The intersection road changes came to conclusion in record time due to reduced traffic during the last 10 months. A few items remain:

  1. Montgomery County put in wrongly named street signs. On a walk through the intersection, neighborhood representatives and the county agreed on the correct signage, which should be installed in the next few months. Thanks to Gus Bauman for his help on getting the county to focus on this mistake.

  2. The Linden Civic Association and the NWCA worked together to obtain a sidewalk behind Sniders on the south side of Seminary Place. That sidewalk should also be installed in the next few months.

  3. NWCA is following up on county plans for maintaining the new plants and trees placed around the intersection. Phyllida Paterson of our Tree Committee will be working on this.

Street-Tree Report

by Phyllida Paterson, Tree Committee

Montgomery County arborists are partnering with local nonprofit Casey Trees to offer us expedited planting of free street trees in spring 2021. New street trees are planted in the right-of-way at least 25 feet from existing street trees and 10 feet from driveways. If Pepco distribution lines stretch overhead, trees must be “minor,” or small; otherwise they must be “major,” or shade trees.

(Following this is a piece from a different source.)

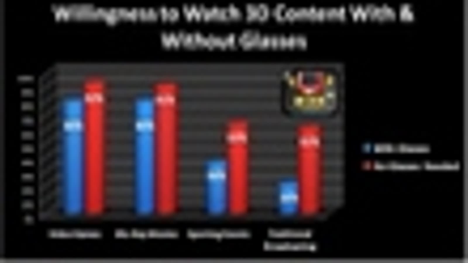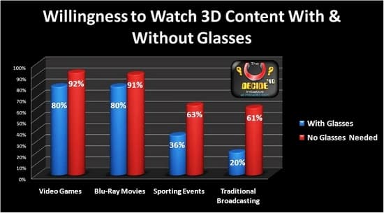 По данным источникам, 80% опрошенных совершенно не против использования очков при просмотре фильмов на дисках 3D Blu-ray, а также во время игр. Уровень готовности пользователей смотреть тот же самый 3D-контент без очков совсем ненамного выше (11-12%).

Homeowners eligible for new trees may choose a first and second choice of species from a fairly broad list, which includes native species and a range of heights within the tree categories.

Since last year, COVID-related budget constraints have limited the tree-planting budget. Usually the county hires contractors to plant our trees. However in 2020, county arborists began partnering with nonprofit Casey Trees, which planted 15 saplings in our neighborhood (four others are pending) at low cost to the government. This arrangement continues in spring 2021. Casey Trees has provided excellent service to NWCA residents who received their trees, and consistently works hard to increase tree canopy throughout the DC area. Please keep Casey Trees in mind if you are donating to environmental causes this year.

If you think you are eligible for one or more new street trees and want to participate in our group request, contact the Tree Committee as soon as possible. Quantities may be limited. If you have a dead or dying street tree, please call 311 to request removal, which will open space for a replacement in the future.